JAKARTA, KOMPAS.com- Pusat Pelaporan dan Analisis Transaksi Keuangan (PPATK) pernah memberikan data transaksi keuangan mencurigakan atas nama istri dari Sekretaris Mahkamah Agung Nurhadi kepada Kejaksaan Agung. Namun, hingga kini belum diketahui tindak lanjut dari laporan tersebut.
"Kami pernah temukan rekening atas nama istrinya, sudah kami kirim ke Kejaksaan pada 2010," ujar Ketua PPATK M Yusuf saat ditemui di Gedung Lemhanas, Jakarta, Sabtu (28/5/2016).

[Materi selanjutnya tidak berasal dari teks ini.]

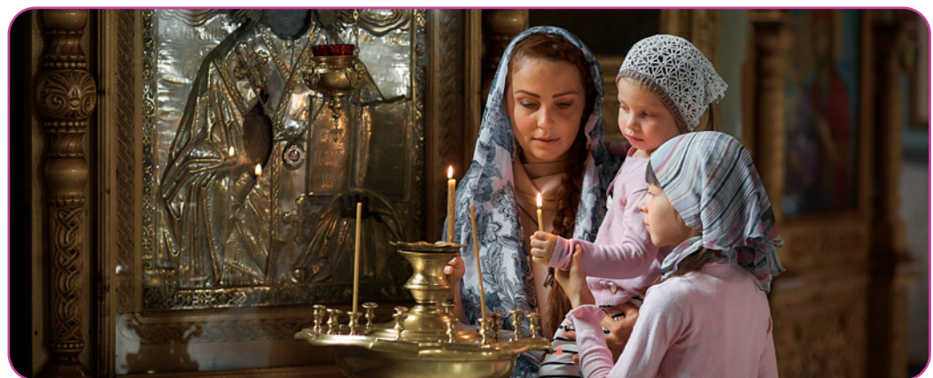
Figure 4.7 Young mother and her little blond Caucasian daughter with candles in Orthodox Russian Church

Menurut Yusuf, PPATK belum mendapat laporan terkait penyerahan data transaksi keuangan tersebut. Ia juga tidak bisa memastikan apakah ada tindak pidana yang diketahui lewat data transaksi itu.

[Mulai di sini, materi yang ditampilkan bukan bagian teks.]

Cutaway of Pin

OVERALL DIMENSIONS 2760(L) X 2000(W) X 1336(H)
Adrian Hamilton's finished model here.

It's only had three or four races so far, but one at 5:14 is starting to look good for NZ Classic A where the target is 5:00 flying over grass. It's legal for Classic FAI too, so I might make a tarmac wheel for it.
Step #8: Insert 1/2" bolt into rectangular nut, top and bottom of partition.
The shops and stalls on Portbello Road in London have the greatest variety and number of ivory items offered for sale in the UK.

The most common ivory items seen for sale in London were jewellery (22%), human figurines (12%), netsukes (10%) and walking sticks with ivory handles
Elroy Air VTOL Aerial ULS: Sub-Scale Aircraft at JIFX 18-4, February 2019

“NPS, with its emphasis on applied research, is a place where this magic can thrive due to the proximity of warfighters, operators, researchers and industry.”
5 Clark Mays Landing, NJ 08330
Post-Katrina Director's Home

"Nah, progresnya itu kami belum pernah terima dari Kejaksaan," kata Yusuf.
Yusuf mengatakan, beberapa waktu lalu giliran Komisi Pemberantasan Korupsi (KPK) yang meminta data transaksi keuangan Nurhadi. Permintaan tersebut dilakukan setelah KPK menangkap tangan panitera Pengadilan Negeri Jakarta Pusat.

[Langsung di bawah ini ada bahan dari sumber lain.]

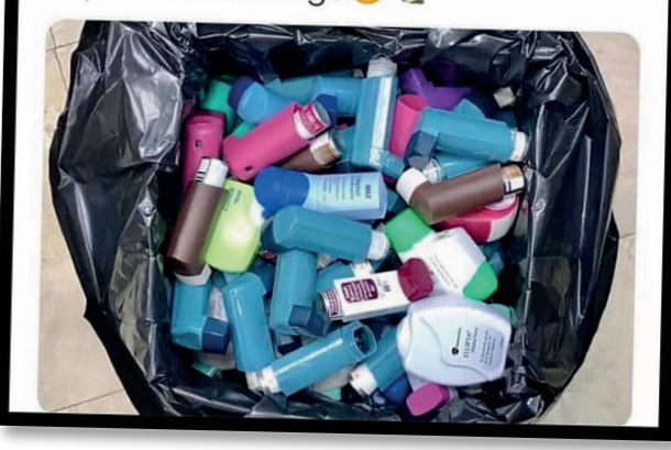
Figure 1: A 2019 Facebook post shared 20,000 times.

Another batch of used inhalers sent for recycling. There is absolutely no need for these to go to landfill. Inhalers are made of high quality plastics and aluminium. Please keep returning these to the pharmacy, we really appreciate it. Please share this important message
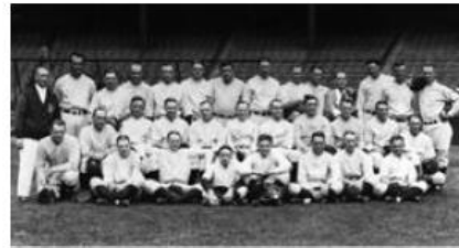
play for a major-league team

Nurhadi juga diduga mengetahui perkara suap yang melibatkan panitera Pengadilan Negeri Jakarta Pusat. Ia pun telah dicegah agar tidak bepergian ke luar negeri.
Kasus ini bermula dari operasi tangkap tangan KPK terhadap Panitera Pengadilan Negeri Jakarta Pusat Edy Nasution dan pihak swasta bernama Doddy Ariyanto Supeno. Keduanya telah ditetapkan sebagai tersangka selaku pemberi dan penerima suap.
Uang sebesar Rp50 juta yang disita dalam operasi tangkap tangan tersebut diduga terkait pengajuan peninjauan kembali (PK), dua perusahaan swasta yang sedang berperkara di PN Jakarta Pusat.
Dalam kasus ini, KPK juga telah menyita uang sebesar Rp1,7 miliar di kediaman milik Nurhadi di Jalan Hang Lekir, Kebayoran Baru, Jakarta. Uang dalam jumlah tersebut ditemukan dalam berbagai pecahan mata uang asing. KPK menduga uang tersebut terkait dengan perkara hukum yang sedang ditelusuri di PN Jakpus.